Recent network measurement projects, focusing on performance evaluation, capture such performance metrics as path capacity (maximum possible throughput) and available bandwidth (maximum available throughput) of a network path. Estimation of these parameters requires creating explicit probe packets that consume CPU resource and possess enough timers precision to generate accurate timestamps of probe packets under bursty traffic conditions. Moreover, in this kind of application, it takes more than 200 time acquisition function calls per packet and about one sleep operation per issued data packet.

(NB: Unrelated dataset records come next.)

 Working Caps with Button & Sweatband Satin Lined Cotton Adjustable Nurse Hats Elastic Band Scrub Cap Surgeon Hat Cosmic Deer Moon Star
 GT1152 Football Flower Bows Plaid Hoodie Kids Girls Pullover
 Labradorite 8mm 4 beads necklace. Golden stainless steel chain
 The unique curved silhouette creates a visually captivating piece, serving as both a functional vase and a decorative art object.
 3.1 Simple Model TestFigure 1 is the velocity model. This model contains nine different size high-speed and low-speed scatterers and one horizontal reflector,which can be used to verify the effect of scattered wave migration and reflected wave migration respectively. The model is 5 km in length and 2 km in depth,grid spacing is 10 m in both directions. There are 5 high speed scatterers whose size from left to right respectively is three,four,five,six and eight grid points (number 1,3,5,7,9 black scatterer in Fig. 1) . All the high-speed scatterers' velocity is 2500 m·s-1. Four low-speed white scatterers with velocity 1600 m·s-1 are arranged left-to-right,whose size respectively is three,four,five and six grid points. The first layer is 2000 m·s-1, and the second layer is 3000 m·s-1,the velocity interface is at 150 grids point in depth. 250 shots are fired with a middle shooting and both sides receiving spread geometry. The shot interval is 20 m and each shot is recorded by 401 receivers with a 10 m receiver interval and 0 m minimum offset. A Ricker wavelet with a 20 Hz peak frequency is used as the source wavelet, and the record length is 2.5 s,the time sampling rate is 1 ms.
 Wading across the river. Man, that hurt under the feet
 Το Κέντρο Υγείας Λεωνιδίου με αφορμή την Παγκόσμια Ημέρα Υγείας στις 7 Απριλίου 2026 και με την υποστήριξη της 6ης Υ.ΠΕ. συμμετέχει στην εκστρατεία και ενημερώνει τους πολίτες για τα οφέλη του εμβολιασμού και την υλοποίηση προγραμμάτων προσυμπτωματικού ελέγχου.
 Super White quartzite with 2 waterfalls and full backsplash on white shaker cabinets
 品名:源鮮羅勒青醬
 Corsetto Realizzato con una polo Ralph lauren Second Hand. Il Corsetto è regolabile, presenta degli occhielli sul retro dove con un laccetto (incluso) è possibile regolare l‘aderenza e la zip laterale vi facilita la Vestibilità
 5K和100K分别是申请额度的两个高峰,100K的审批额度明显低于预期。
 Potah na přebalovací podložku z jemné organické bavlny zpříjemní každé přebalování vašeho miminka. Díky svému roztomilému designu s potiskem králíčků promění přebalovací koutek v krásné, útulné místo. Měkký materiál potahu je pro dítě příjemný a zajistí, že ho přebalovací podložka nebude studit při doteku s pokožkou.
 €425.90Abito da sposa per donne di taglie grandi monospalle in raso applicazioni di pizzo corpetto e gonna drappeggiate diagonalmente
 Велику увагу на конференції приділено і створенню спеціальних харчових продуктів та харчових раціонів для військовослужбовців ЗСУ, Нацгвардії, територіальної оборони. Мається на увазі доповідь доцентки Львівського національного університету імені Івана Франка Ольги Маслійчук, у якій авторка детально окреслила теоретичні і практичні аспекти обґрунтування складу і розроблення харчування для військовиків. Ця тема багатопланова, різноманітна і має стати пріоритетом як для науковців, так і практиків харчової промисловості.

Because of virtualization, datacenter tenants no longer have direct access to the underlying physical network. The extra layer of indirection makes it hard to optimize application performance. AvB can measure the underlying network and provide performance metrics to the virtualized applications to optimize tasks such as VM placement and route selection [2
Therefore, the general requirements of such time-sensitive networking applications are based on precise and rapid timing measurements, such as low latency, dealing with a limited performance of the end systems (e.g., frequency of the kernel interrupts), adoption of inter-packet interval, etc. In this paper, we address this challenge and aim to evaluate how the accuracy of modern timers can influence the result measurements of network performance under the virtualization conditions. For this, we have extended our previous research in timing operations with its performance influence on the real network application. As a matter of fact, keeping high time precision of control algorithms and meeting soft real-time requirements is a complex problem on modern multi-purpose operating systems such as Linux. This task is becoming even more challenging under virtual environments which require efficient access to the physical platform through the software middleware of the hypervisor or host operating system [3
]. Thus, timing operations used by the applications are usually dependent on certain software layers in the operating system. As our previous research has shown [6
], even operating systems running on bare hardware are often not efficient enough for high-performance applications. Running such operations in virtual environments potentially adds a significant overhead to these operations by the hypervisor OS, by means of passing data to bare hardware by it as well as by the means of the guest OS. However, the use of virtual machines as an intermediate layer for simplification of deployment and operations of high-performance applications is “tempting”. Virtualization is very widely used in data centers and in cloud environments. The possibility to run high-performance applications from out of a virtual environment is a very important factor for deployments of such applications, in which timer performance plays a significant role. In the present work, we consider the question of whether it is feasible and if so, on which systems and at which “costs”. After all, direct access to the TSC
counter via RDTSC
instruction can improve CPU overhead for time acquisition and computations on Linux by avoiding expensive system calls, but precise sleep operations remain a more challenging task. Sleep procedures, whose realization in the standard GNU C library has an insufficient precision due to the long wake-up time, which can be even more aggravated when sharing resources between host and virtual machines (VM). To overcome issues with standard system calls, an interface to available time counters as well as for sleep operations the HighPerTimer
] have been used besides the standard timing means of Linux OS. This library has been developed in terms of our previous research as an alternative to the Linux system timer functions, which operate timing functions by direct access to the hardware.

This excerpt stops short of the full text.